Rule 6: The 40% EMI Rule
Another big question is:
“How much loan is safe to take?”
The answer lies in the 40% EMI Rule.
Your total EMIs (including all loans—home loan, car loan, personal loan, etc.) should never exceed 40% of your monthly income.
Example:
If your monthly income is ₹50,000 → Your EMIs should not be more than ₹20,000.
This ensures you don’t become overburdened with debt and still have enough income left for savings and essential expenses.
Practical Tip:
Use EMI calculators to compare different tenures (5 years, 10 years, 20 years) and see how much EMI you will pay. This helps you choose the right loan amount and tenure without straining your finances.
Rule 7: The 25x Retirement Rule
One of the biggest financial goals in life is retirement planning. The question is:
“When will I be financially ready to retire?”
The 25x Rule provides a benchmark:
You are financially ready to retire when you have saved at least 25 times your annual expenses.
Example:
If your annual expenses are ₹10,00,000 → You need a corpus of ₹2.5 crore.
At an expected return of around 4% per year, this amount can generate ₹10,00,000 annually, covering your expenses.
Important Consideration:
- If you retire early (say at 40), you may need a higher multiple (30x–40x) because you will live longer on passive income and inflation will impact you more.
- If you retire at 60, then 25x is usually sufficient since your retirement horizon will be shorter.
This rule gives you a clear target and ensures you don’t underestimate how much you need for a financially stress-free retirement.
Rule 8: The First-Week Investing Rule
Most people follow the habit of spending first and investing whatever is left at the end of the month.

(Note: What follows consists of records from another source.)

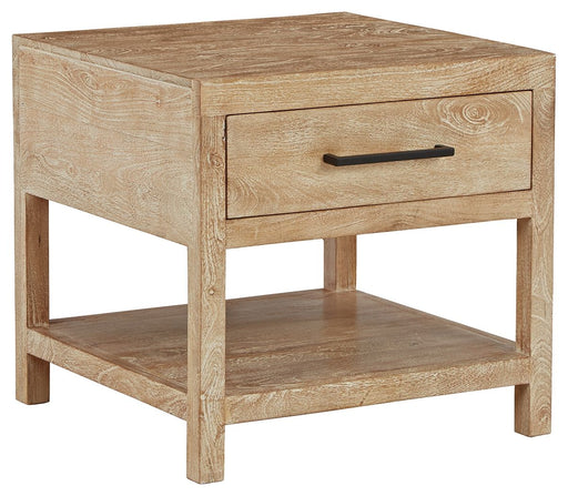 Signature Design by Ashley®Make life simple in style with this square end table. Its classic geometric construction gets a bit of flair with a hand-applied whitewash finish t...
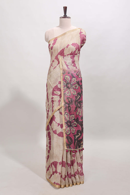 Beige linen cotton saree with violet shibori print, self zari border and floral design pallu
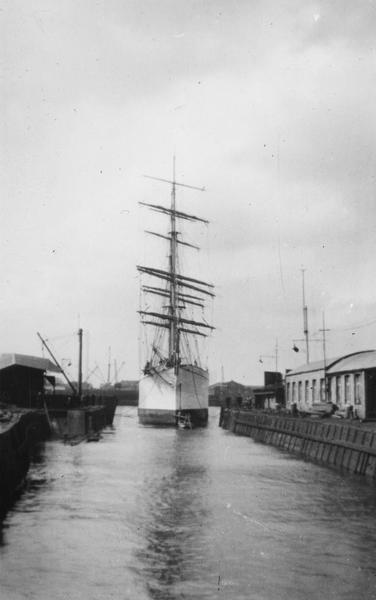 Millwall Dock: Men stowing sail on the main course yard on the barque 'Elfrieda' in March, 1928. (cellulose acetate)
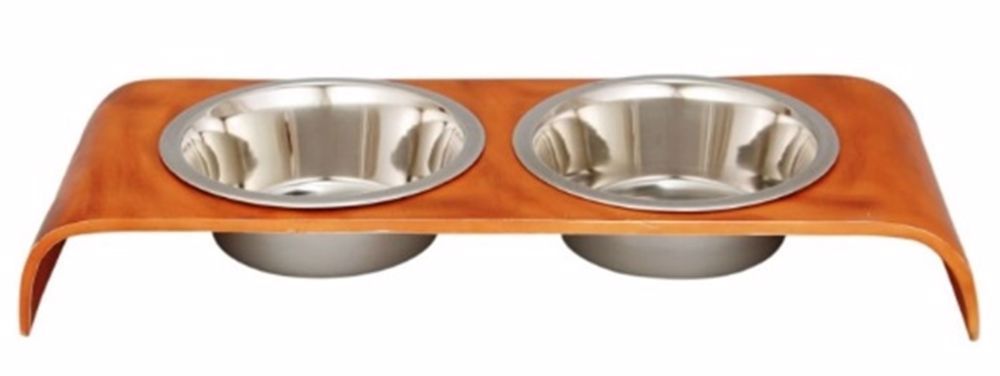 Slogovita dvojna skleda v aluminijastem stojalu z imitacijo lesa je praktična in elegantna rešitev za vsakodnevno hranjenje vašega psa. Kombinacija sodobnega dizajna in funkcionalnosti se prilega vsaki notranjosti.

The problem is, often nothing meaningful is left to invest.
The First-Week Investing Rule changes this approach:
Invest first, spend later.
Example:
If your salary is credited on the 5th of every month, make sure you invest by the 6th or 7th. After that, manage your expenses with the remaining balance.
This ensures consistency in building wealth and prevents you from overspending before investing.
Rule 9: The 3×3×3 Investment Plan
This rule provides a step-by-step approach to build a solid investment strategy:
Step 1: Three Essential Priorities
- Build an emergency fund.
- Start loan repayment if you have debts.
- Plan for retirement (e.g., National Pension Scheme).
Step 2: Three Protective Investments
- Repay or prepay existing loans.
- Invest in retirement funds.
- Add sovereign gold bonds to protect against market volatility and geopolitical risks.
Step 3: Three Growth-Oriented Investments
Once essentials and protections are in place, you can expand into:
- Stocks
- Mutual Funds
- Real Estate
This structured approach helps you cover safety, protection, and growth in a balanced way.
Rule 10: Summary – Use Rules as Guidelines, Not Absolute Advice
The 10 rules we discussed—such as the Rule of 72, 100 – Age Rule, 50-30-20 Rule, Emergency Fund Rule, Life Insurance Rule, EMI Rule, Retirement Rule, First-Week Investing, and the 3×3×3 Plan—are time-tested thumb rules.
They are meant to make you financially smarter and help you in quick decision-making. However:
- They are not personalized financial advice.
- Every individual’s situation is unique, so you should adapt these rules according to your personal needs.
- For major financial decisions, consulting a certified financial advisor is always recommended.
Think of these rules like a framework—they guide you in the right direction, but your specific journey depends on your personal circumstances.
Disclaimer
The information provided in this document is for educational and informational purposes only. The rules and examples discussed are general thumb rules of personal finance and should not be considered as personalized financial advice.
Every individual’s financial situation is unique, and results may vary depending on income, expenses, liabilities, and long-term goals. Before making any major investment, insurance, or loan-related decisions, it is strongly recommended to consult a certified financial advisor.
The author/creator does not take responsibility for any financial loss or risk arising from the direct application of these rules without professional guidance.